Но и церковь – истинная, не «обновленческая» – тоже воспряла, впервые за много веков обогатившись новыми мучениками и праведниками. По смерти патриарха Тихона местоблюстителем стал митрополит Петр Крутицкий, человек поучительной судьбы. Перед революцией был мирянином, действительным статским советником. Принял священство в пору, когда многие слабые духом отрекались. И, возглавив церковь, отверг все поблажки, которые сулили коммунисты за признание их власти. Ныне арестован и, конечно, примет мученический венец. Таких уже много, а будет еще больше. Грядут и новые катакомбы. Уже есть. «Обновленцы», называющие себя Живой Церковью, а на самом деле пресмыкающиеся перед ГПУ, прибирают к рукам всё новые епархии и приходы. И некоторые священники, твердые в вере, уходят из храмов в подполье, уводя за собою паству. Вот и отец Александр говорит, что, если погонят со службы – рясу снимет, а сана с себя не сложит. Будет отправлять службы и таинства по частным домам, по квартирам. Дай ему Боже сил на том пути…
Однако имя Христово хоть и поносимо, но еще не запрещено. И нужно бывать повсюду, где оно произносится вслух – даже если это псевдодиспут в, прости Господи, Экспериментальном театре, где ставят оперы и оперетты. Туда стягиваются живые души – просто чтобы молча посмотреть друг на друга, угадать друг друга по взгляду. А некоторые, самые смелые, не боятся и поднимать голос.

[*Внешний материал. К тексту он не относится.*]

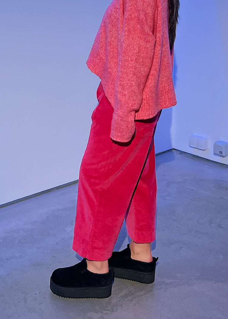 EDITOR'S NOTE : If drop-crotch styles aren’t your thing, this is the velvet trouser for you. With a more traditional straight-leg cut and a clean, cropped finish, it offers all the impact without the exaggerated silhouette. It’s a great option for RUNDHOLZ collector's who love the richness of velvet but prefer a slightly more classic shape.
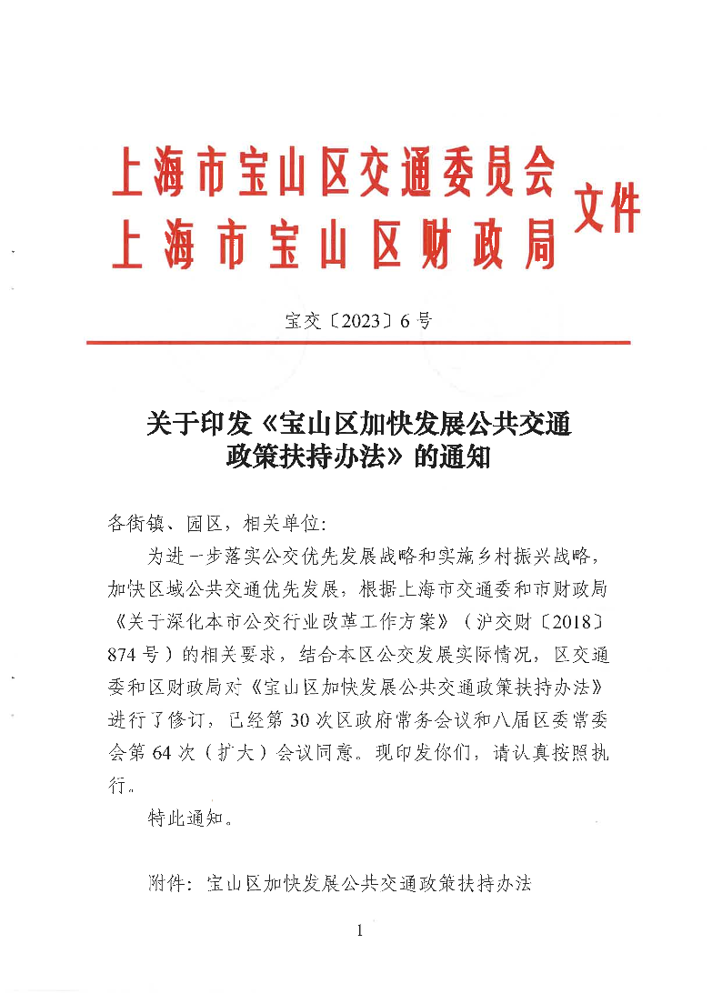 为进一步落实公交优先发展战略和实施乡村振兴战略,加快区域公共交通优先发展,根据上海市交通委和市财政局《关于深化本市公交行业改革工作方案》(沪交财〔2018〕874号)的相关要求,结合本区公交发展实际情况,区交通委和区财政局对《宝山区加快发展公共交通政策扶持办法》进行了修订,已经第30次区政府常务会议和八届区委常委会第64次(扩大)会议同意。现印发你们,请认真按照执行。

Но митрополит Введенский не из смелых. Усерднейший и подобострастнейший из церковников, служащих серпу и молоту. Непримиримые христиане прозвали его «Иудой в первосвященстве», однако Бах к непримиримым себя не относил и на владыку смотрел с жалостью.
Сам вид митрополита был скверен, будто Введенский нарочно желал опорочить свое архиерейское облачение. Молодой, лет тридцати пяти, с обритой бородой и комичными усишками а-ля Чарли Чаплин, к тому же еще и женатый, он выглядел злой карикатурой на духовную особу.
И этот гаер настоятельствует в кафедральном соборном храме Христа Спасителя! – поймал себя на злой мысли Иннокентий Иванович, занявший место в партере, чтобы не упустить ни одного слова. Вокруг него сидели в основном люди молодые – вузовцы и рабфаковцы. Наркома они слушали внимательно, то и дело бешено хлопая в ладоши, а когда говорил митрополит, начинали свистеть и выкрикивать обидное. Если б Бах находился где-нибудь на ярусе, среди тех, кто так же, как он, пришел молча побыть со своими, ему наверняка был бы противен юлящий архипастырь, изгибающийся перед победительным большевистским министром. Но среди глупой, хулящей толпы владыка воспринимался иначе. Он, пускай криво и лукаво, пытался защищать Христа – и был здесь совсем один. Другое дело, что кривостью и лукавостью защитить Христа невозможно…
Диспут назывался «Бессмертие души с классовой точки зрения». Основной доклад делал Луначарский, Введенский был содокладчиком.
Неприятны были оба: и любующийся собою советский краснобай и фальшивый, угодливый митрополит, форсящий большевистскими словечками, искательный перед могущественным оппонентом и перед комсомольским партером. Нарком снисходительно именовал собеседника «уважаемым гражданином Введенским»; владыка – не иначе как «глубокоуважаемым Анатолием Васильевичем».